I agree. But I’m also dead sure that the administrators of this board had a long and thorough discussion about how to best create needed revenue before they decided on a pay to post model. I’m not going to second guess them witout any kind of info about traffic, demographics or principle. Whether that information will ever be provided is another matter.
By the way rfgdxm, care to finally tell us how you know that $200/month is enough to run this board when you don’t know how much bandwidth and how many page views the board has? I don’t know about the others, but I’m still waiting.

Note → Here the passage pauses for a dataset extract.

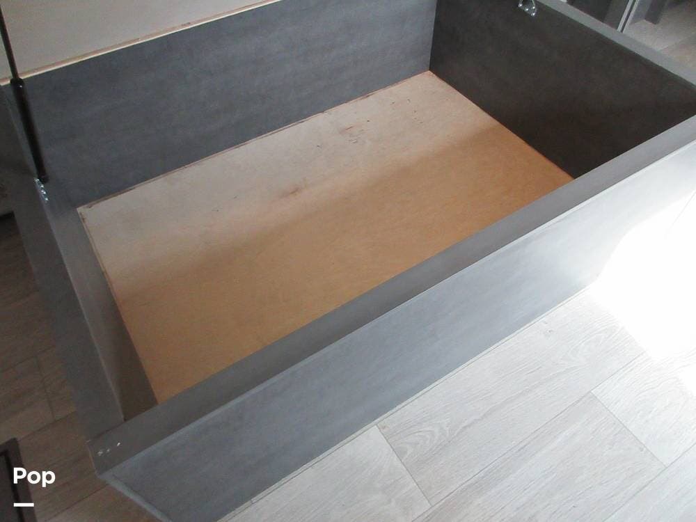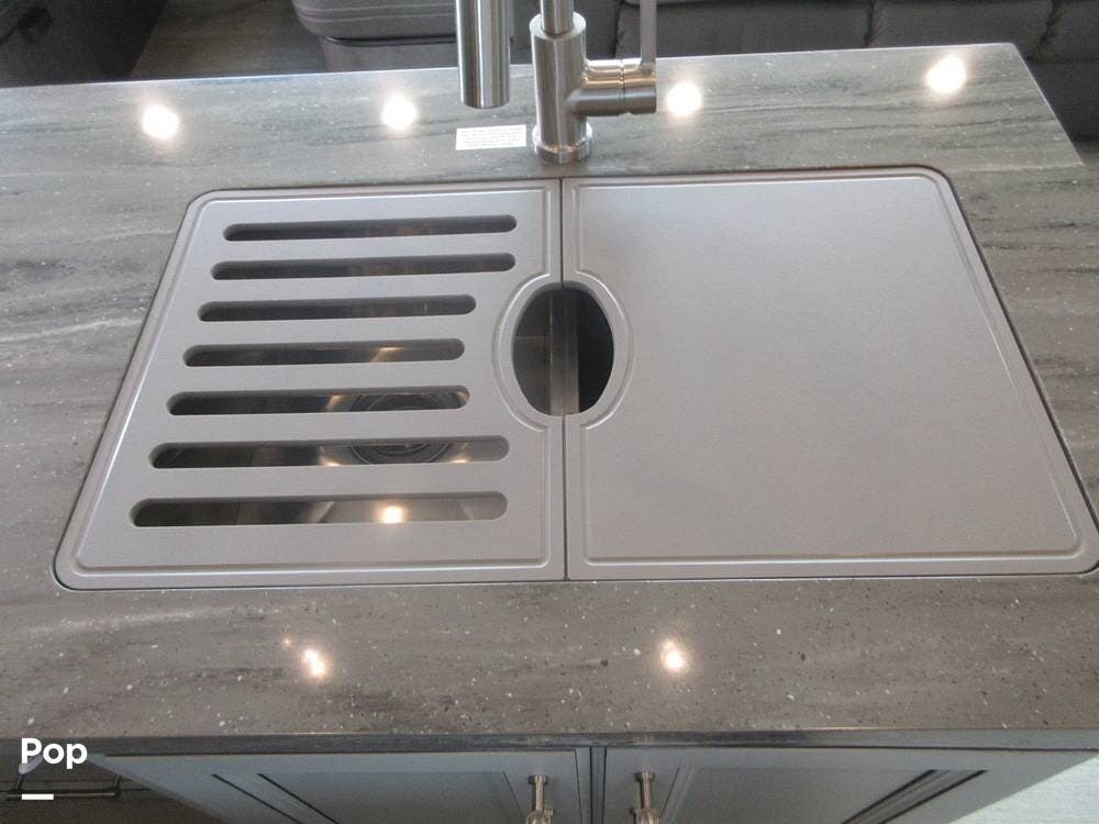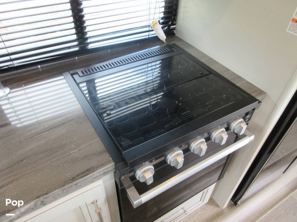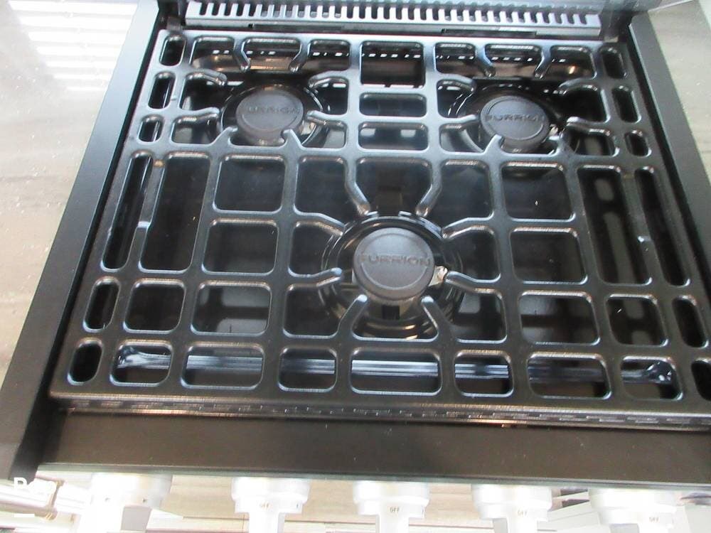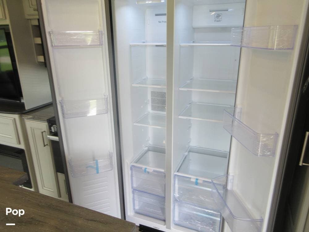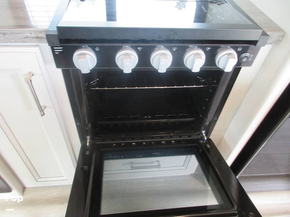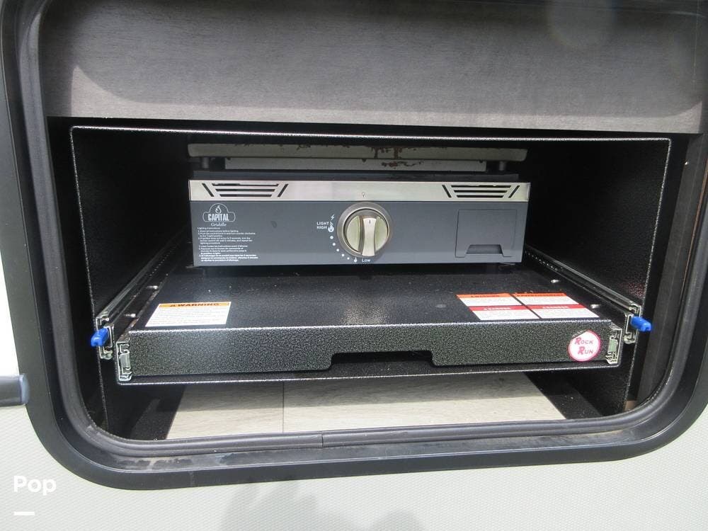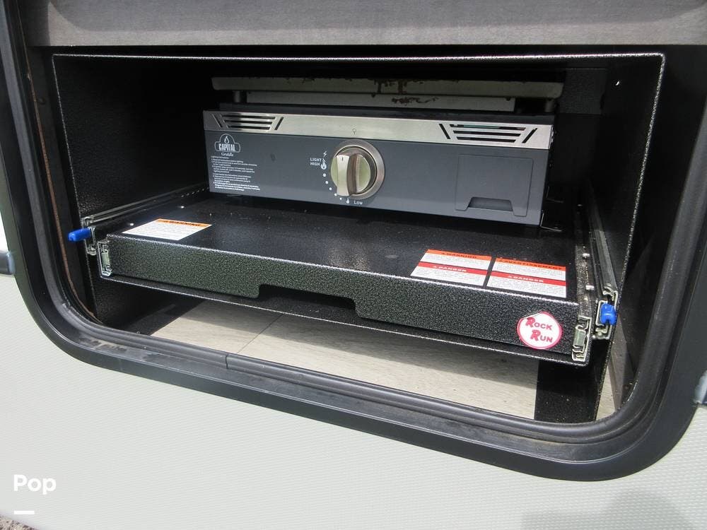 Outside, the two powered patio awnings make this an excellent unit for tailgating or extending the fun outdoors at your favorite campsite. The Capital Griddle Grill is on a slide-out tray that allows you to cook outdoors, and there is a large, full-width storage bay with access from both sides of the RV.

My guess is was more the Reader than the listed admins here who made the decisions.
http://boards.straightdope.com/sdmb/showpost.php?p=6499218&postcount=2
Note in this post TubaDiva states whe doesn’t even know who paid what, and thus what actual revenues are. And the admins say they don’t know the server specs, or hosting costs. The only people who really know are those running things at the Reader, and they aren’t talking.
Reasonable inference based on what is known. The number of users is known, and also the typical page size. It isn’t that there are huge binary files available to download that could mean possible huge GBs consumed by one user.
On this board you will have to do better than that. Put forward you estimate of bandwidth, follow up with a cite on how much that amount of bandwidth would normally cost, reasonable levels of support included. I’m not asking to mock you, I’m actually genuinely interested.
(btw, I haven’t read your other link yet)
Scrap that, your link points to page one of this thread. It doesn’t say what you claim it says at all. It’s a reply from an SDMB administrator saying she personally doesn’t know ‘who paid what’ because ‘it’s not my department’. That was a new low in this thread.
http://servers.aplus.net/premium.html
Dual Intel Xeon D 2.8 GHz, 800 MHz FSB with HyperThreading
1024 MB Dual Channel DDR400 ECC RAM (upgrades up to 4GB available)
120 GB hard drive (upgrades up to dual 250 GB available)
1000 GB Bandwidth included (Non-Cogent)
Free Managed Services
$199 a month
Would you consider this adequate for the needs of the SDMB? If not, cite why, and what specs would be required.
rfgdxm, that certainly seems to compare well with the hotdogger site’s server Shalmanese linked to in my amateur eye. From reading his link it looks like “Overclockers Australia” require a lot more power than the SDMB, as well. Wouldn’t be surprised considering their name, heh.
Oops, meant to include link to Shalmanese’s post, two pages back.